Taylor Swift’s historic Grammys win revives some familiar narratives
Taylor Swift made history winning four Album of the Year awards, but it felt like history repeating in more ways than one
On Sunday night, Taylor Swift made history as the only artist ever to win four Album of the Year awards at the Grammys. In her acceptance speech, Swift didn’t focus much on the unique nature of the moment. (“I would love to tell you that this is the best moment of my life, but I feel this happy when I finish a song or when I crack the code to a bridge that I love,” she said, in part.) Instead of coming across as a singular moment in her career and music history, the win for Midnights was a culmination of all the times she’d taken the trophy before. The night carried an echo of the acceptances for Fearless, 1989, and folklore, both in Swift’s actions and the reactions of the viewers.
One aspect was Swift pulling Lana Del Rey onto the stage, despite the latter artist seeming resistant to joining the group. Del Rey is technically one of Midnights’ Album of the Year winners as a “featured artist” on the record (both a songwriter and performer on the track “Snow On The Beach”), but she was also a loser in the category for her own album (Did You Know There’s A Tunnel Under Ocean Blvd). Fans online questioned why Swift was so insistent on having Del Rey next to her: “The way she dragged Lana up on stage made me wanna pass out that’s so embarrassing ahhhh,” writer Bolu Babalola posted on Twitter/X. It was conspicuous, especially combined with Jack Antonoff telling Swift onstage that “Laura’s right here” (in reference to recording engineer Laura Sisk).
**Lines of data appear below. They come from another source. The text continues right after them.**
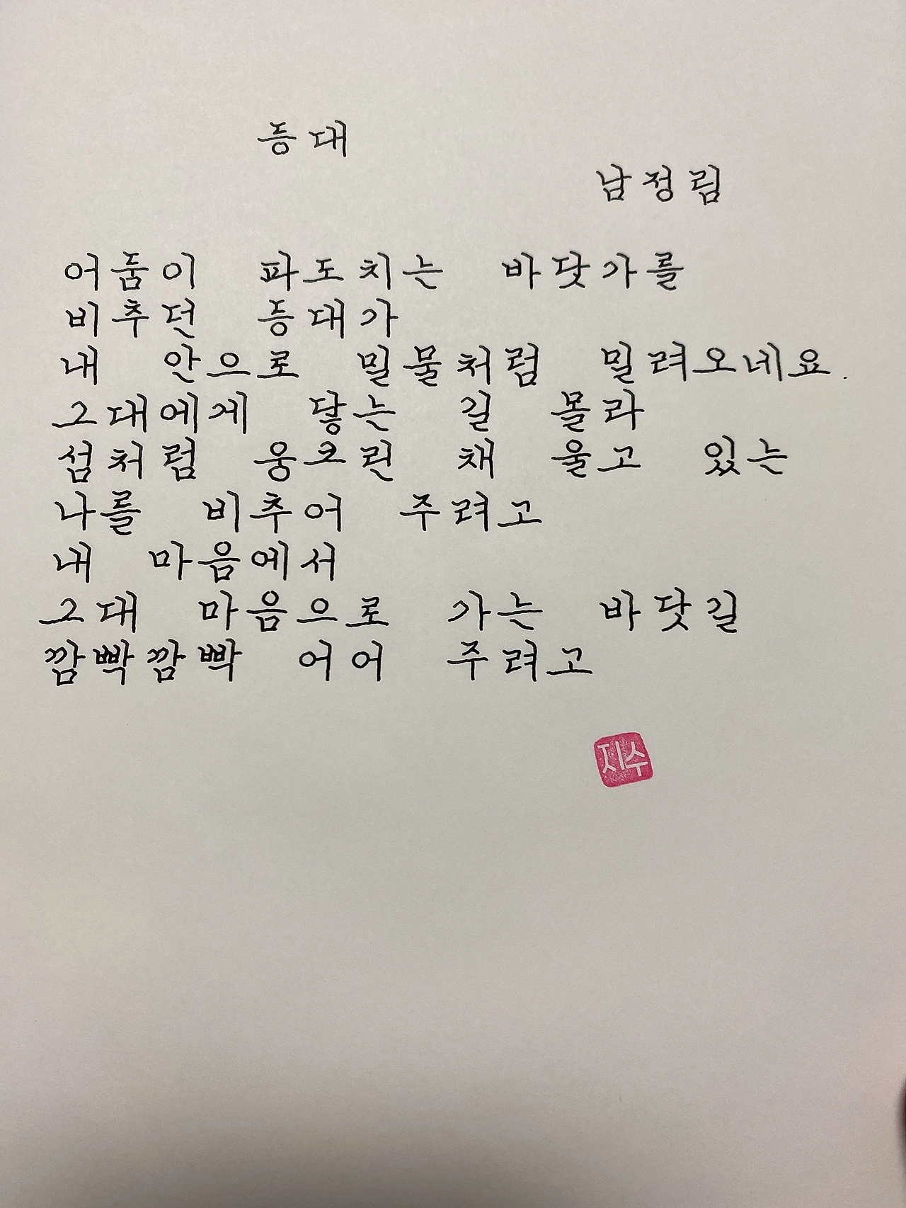 평범한 직장인. 사내 동호회를 통해 매일 한편 손으로 시 읽기를 시작한 이후로, 매일 시 한편을 필사 합니다. 필사한 시가 저작권에 문제가 된다면 말씀해주세요.
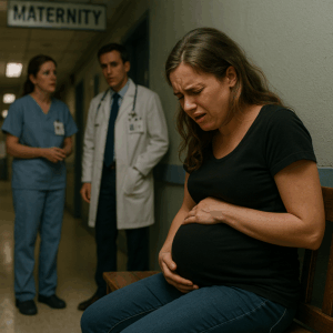 On a rickety wooden bench against the wall sat a young woman, her posture curled in visible discomfort. Her breathing was shallow, uneven, punctuated by soft groans that hinted at pain she could no longer conceal. The hallway, usually filled with passing nurses and anxious relatives, grew strangely quiet as eyes turned toward her. She looked out of place—like a figure torn out of a story no one understood.
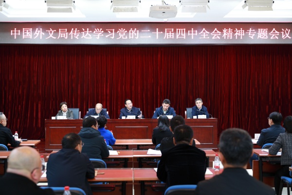 10月24日,中國外文局局長常勃主持召開專題會議,傳達學習黨的二十屆四中全會精神,對中國外文局學習宣傳貫徹會議精神進行部署。副局長于濤、謝剛出席會議。
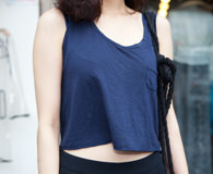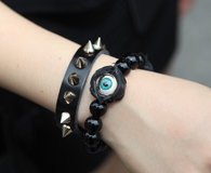 走在街上,一身朋克风的Su-mi吸引了我们的视线。设计独特的手链购于永登浦,帽子则是很受韩国艺人喜爱的美国“Carhartt”品牌经典款。整体黑色的搭配因为俏皮的露脐设计而表现出更多轻松感。
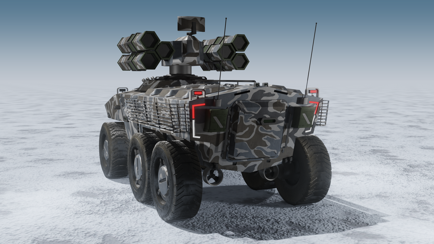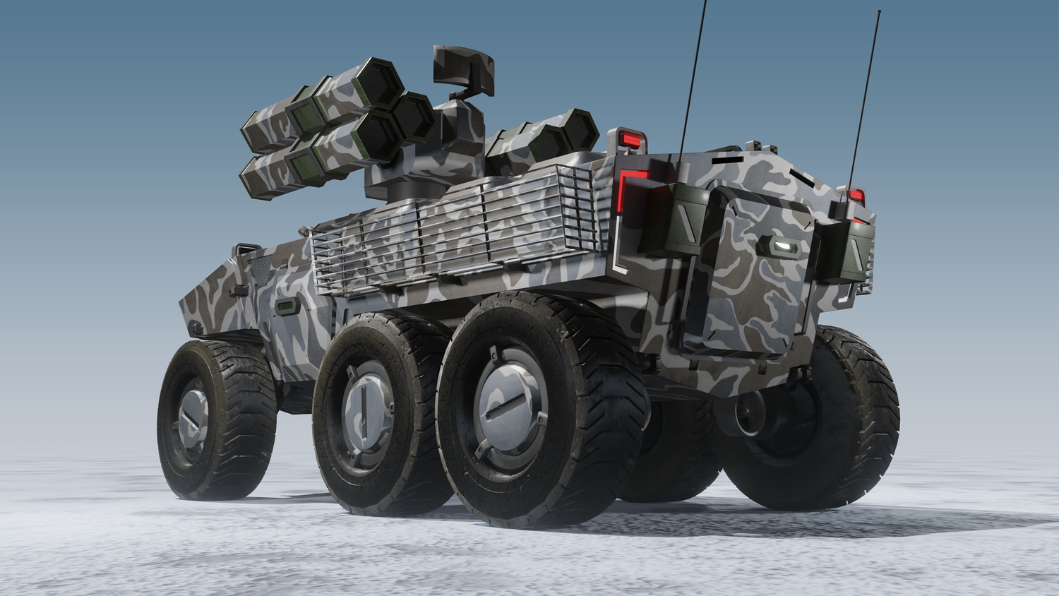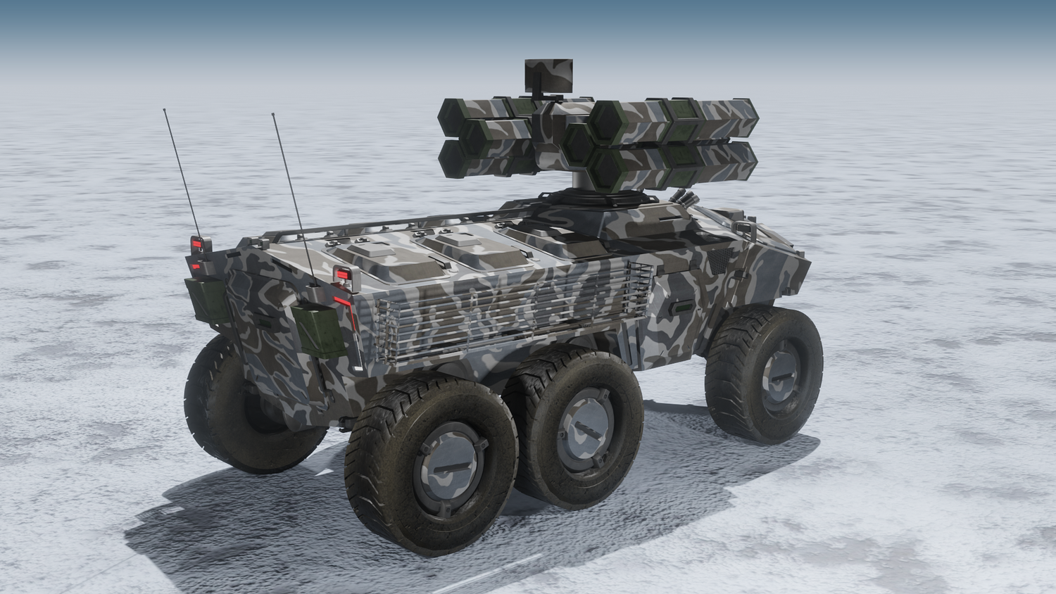 Scifi SAM launcher vehicle winter camouflage
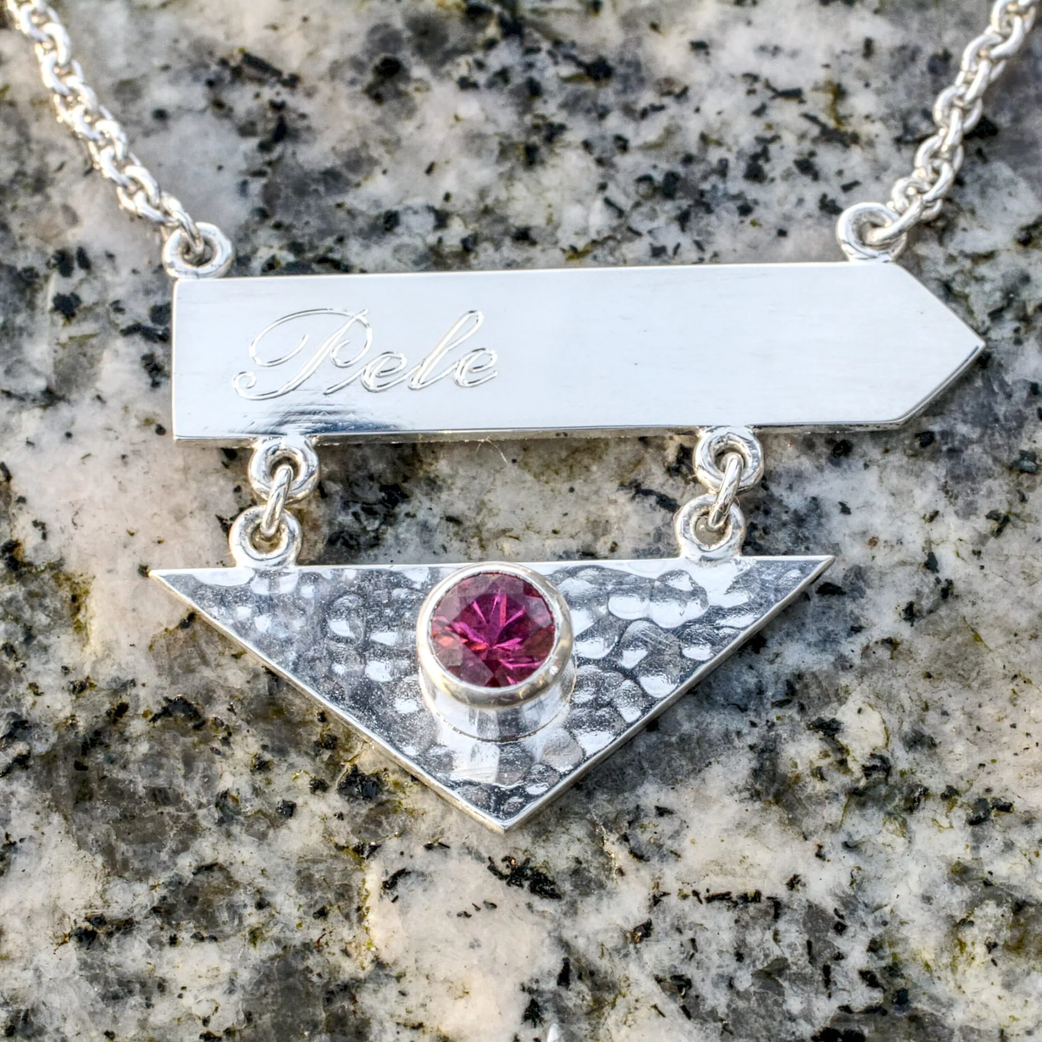 rosa Turmalin in silberner Zargenfassung auf dreiecckiger Grundplatte mit punktförmigem Hammerschlag
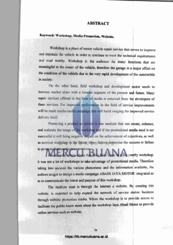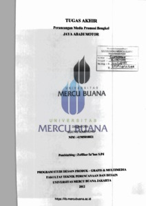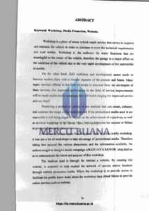 Kata Kunci: Bengkel, Media Promosi, Website. Bengkel merupakan tempat pelayanan jasa perbaikan kendaraan bermotor yang berfungsi untuk memperbaiki dan merawat kendaraan agar tetap memenuhi persyaratan teknis dan layak jalan. Bengkel dalam khalayak orang banyak memiliki fungsi yang berarti bagi pemilik kendaraan, oleh sebab itu bengkel sangat berpengaruh besar terhadap kondisi kendaraan dikarenakan perkembangan otomotif dimasyarakat sangat pesat. Disisi lain, bidang perbengkelan perlu peningkatan dan pengembangan disektor pangsa pasar dengan segmentasi yang lebih luis untu, masa kini dan masa mendatang. Banyak pelayanan jasa perbaikan yang ditawarkan dalam bentuk media-media yang dikeluarkan dari pihak pengembung jasa tersebut. Untuk peningkatan kinerja dalam bidang pelayanan jasa perbaikan ini akan dibuat media-media promosi yang akan membangun pencitraan untuk pelayanan jasa perbaikan itu sendin Mempromosikan produk atau jasa merupakan salah satu media yang dapat menciptakan, mempertinggi, serta memelihara citra perbengkelan dan jika media-media promosi yang digunakan tidak berhasil maka akın membawa dampak negati yang aran tithan, serta kelangsungan Indup perbengkelan dimasa MERCU BUANA mempromosikan produk atau jasanya. menentukan berhasil atau tidaknya Berdasarkan pengamatan yang telah dilakukan terhadap beberapa bengkel disekitarnya, ternyata tidak banyak bengkel yang memanfaatkan media-media promosi. Maka dari itu dengan mempertimbangkan berbagai fenomena dan informasi yang ada, maka penulis berusaha membuat perancangan media promosi JAYA ABADI MOTOR yang terintegrasi sehingga dapat mengkomunikasikan maksud dan tujuan dari bengkel ini. Media yang digunakan yaitu melalui internet berupa website. Dengan membuat website ini, diharapkan dapat membantu proses memperluas jaringan bisnis bengkel melalui media promosi website. Dimana bengkel menyediakan
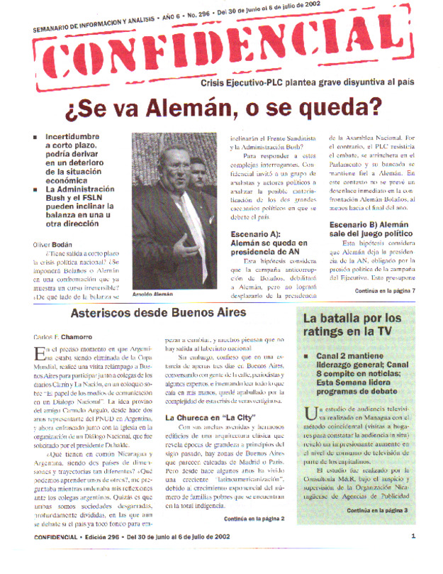Incertidumbre a corto plazo, podría derivar en un deterioro de la situación económica. La Administración Bush y el FSLN pueden inclinar la balanza en una u otra dirección.
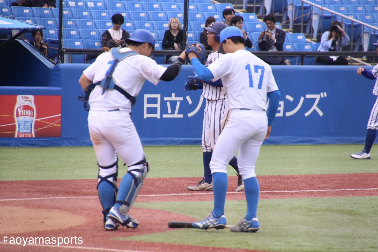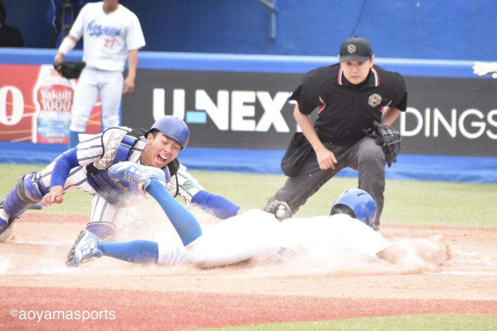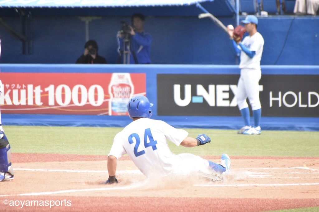 菅野の気迫のヘッドスライディングで、青学大は同点に追いついた
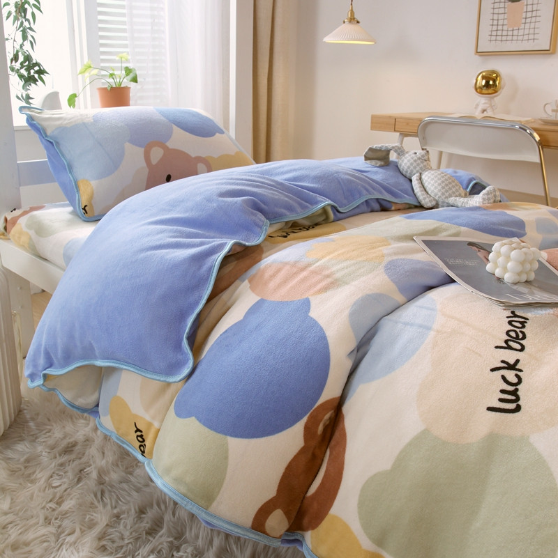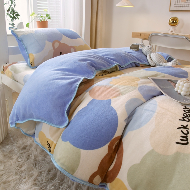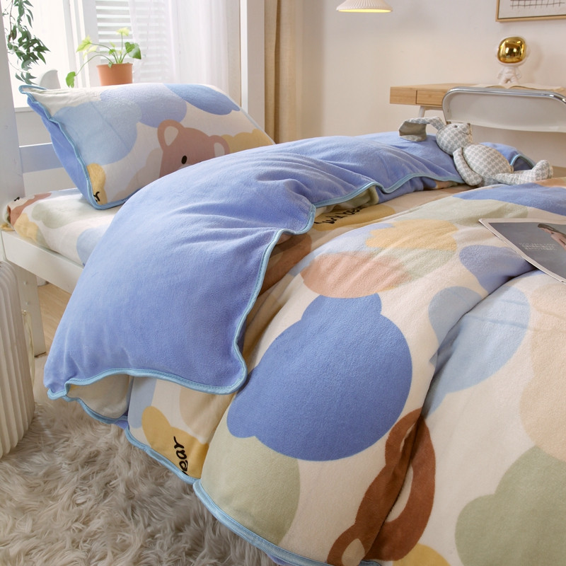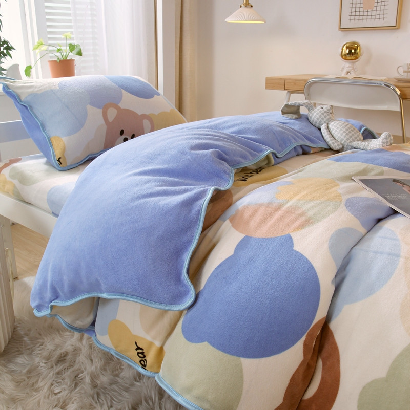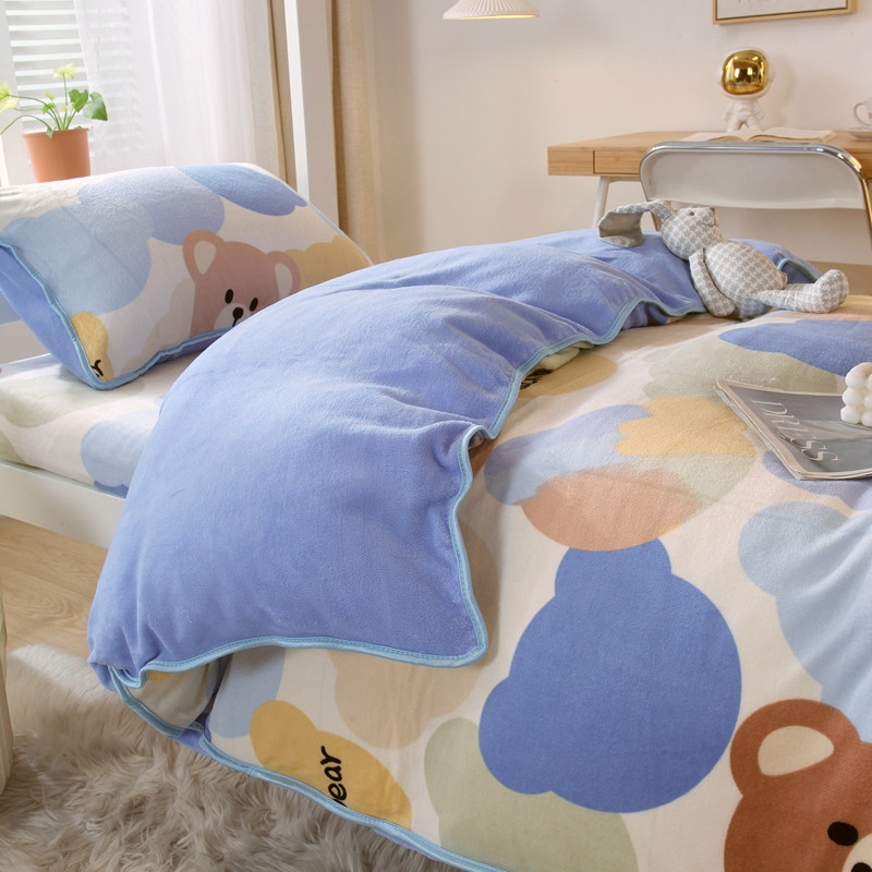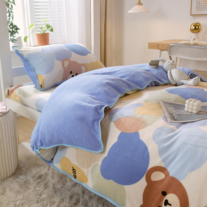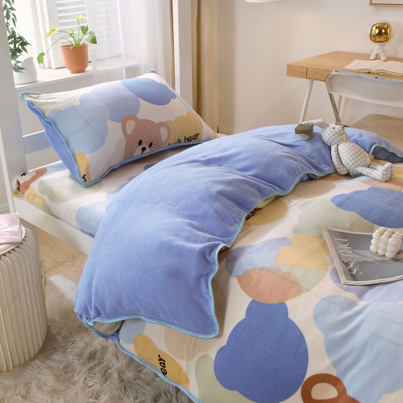 当前位置: 91家纺网 > 商品网购 > 床品套件 > 四件套 > 牛奶绒四件套 > 金鑫汇 2022新款牛奶绒学生上下铺三件套 开心熊-米白
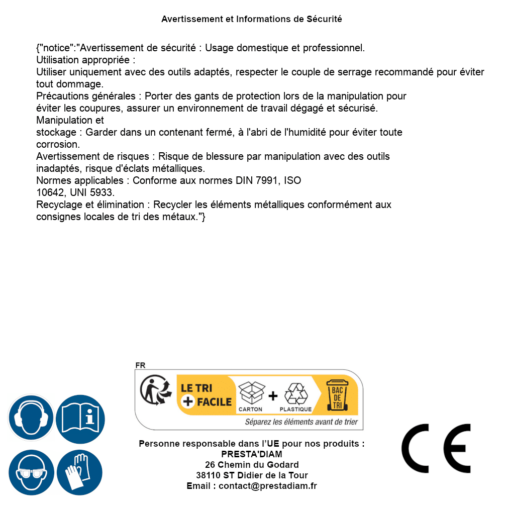 | Persona responsable UE | PRESTA'DIAM 26 Chemin du Godard 38110 ST Didier de la Tour Correo electrónico : contact@prestadiam.fr |
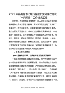 2025年县委副书记履行党建和党风廉政建设“一岗双责”工作情况汇报.doc
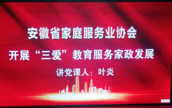 2020年5月23日,在安徽家协一届八次会长办公会期间,安徽家协党支部在池州组织召开了一次党课活动。党课围绕“开展‘三爱’教育、服务家政发展”主题,邀请了省社会组织综合党委派驻党建指导员、省市场监督管理局原副巡视员叶炎主讲。安徽家协党支部党员、入党积极分子以及会长办公会组成人员等共50多人参加。会长林清主持党课活动。
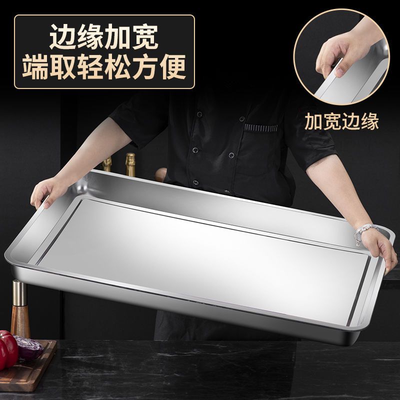 不锈钢托盘长方形托盘餐盘方盘 烧烤盘平底蒸鱼盘子蒸饭盘 水果盘

In her previous acceptance speeches, the team behind Swift was overwhelmingly male. This was particularly glaring when she accepted the award for 1989 and made an empowering statement to “young women” about not letting anyone else take credit for their successes. Yet the message was undercut by the image: “The first woman to win Album of the Year twice but no women producers standing behind you,” writer Janet Mock tweeted in response to the 1989 speech. Imogen Heap and Sisk were the only other women besides Swift credited for the 1989 AOTY win, but neither were onstage to accept the award that year. Sisk joined the group for Swift’s next AOTY win, folklore; Midnights doubled the number of women on stage by adding Del Rey. Swift would not be caught again in another inadvertent image crisis by snubbing female collaborators. (Instead, she caused an image crisis by inadvertently snubbing Celine Dion.)
There are issues with the Grammys beyond Taylor Swift
But it doesn’t matter how carefully Swift tries to correct the record, because she’ll still be haunted by old narratives outside her control. Hundreds of posts cropped up complaining of Swift’s “fake surprise,” that she was “pretending she’s grateful,” and expressing annoyance at her “shocked face.” This is an accusation that has followed the singer since the early days of her career—essentially since she started winning awards. No matter that no one else has ever won four Album of the Year trophies, making the honor genuinely rather shocking. People have always criticized the way Swift goes about accepting awards, mostly because her reactions just seem to rub people the wrong way. This has been so pervasive that Swift herself parodied it in her “Look What You Made Me Do” video, where different versions of her taunting that she’s “so fake” and couldn’t possibly be that shocked all the time: “Stop making that surprised face, it’s so annoying,” Zombie Taylor snarked.
But the public’s issues with Swift’s Album of the Year wins go beyond simple annoyance. Most of her wins came at the expense of other artists fans saw as more deserving, particularly Black artists: Fearless beat out Beyoncé’s I Am… Sasha Fierce, 1989 topped Kendrick Lamar’s To Pimp A Butterfly, and now Midnights defeated SZA’s SOS. “Black artists, specifically women, can put NUMBERS on the score board, generate entire cultural movements, outperform, and out-talent and still be placed beneath white mediocrity. it’s really a sad thing to witness,” one user posted after the Midnights win, while another wrote, “giving album of the year to midnights over SOS is almost as bad as when harry’s house won over renaissance…like what do black women in music have to do at this point lmfao.”
Much as Swift likes to control her narrative, the way history repeats itself in her Grammy wins is mostly out of her control. And though becoming the first person to win AOTY four times is a unique achievement, it’s also entirely not unique because she’s done it three times before. This fourth Album of the Year trophy exists within the context of the three previous awards, and all those awards exist within the context of her career. Her level of success and acclaim is incomparable and, in some ways inexplicable. No matter what she does, she’s destined to face intense scrutiny just for being the biggest star in the world. It is notable, though, how Swift’s history feels doomed to repeat itself in terms of the Grammys. If you were taking odds, you might count on a backlash brewing the likes of which she once faced after winning for 1989. Swifties did sense the Reputation era was coming, after all.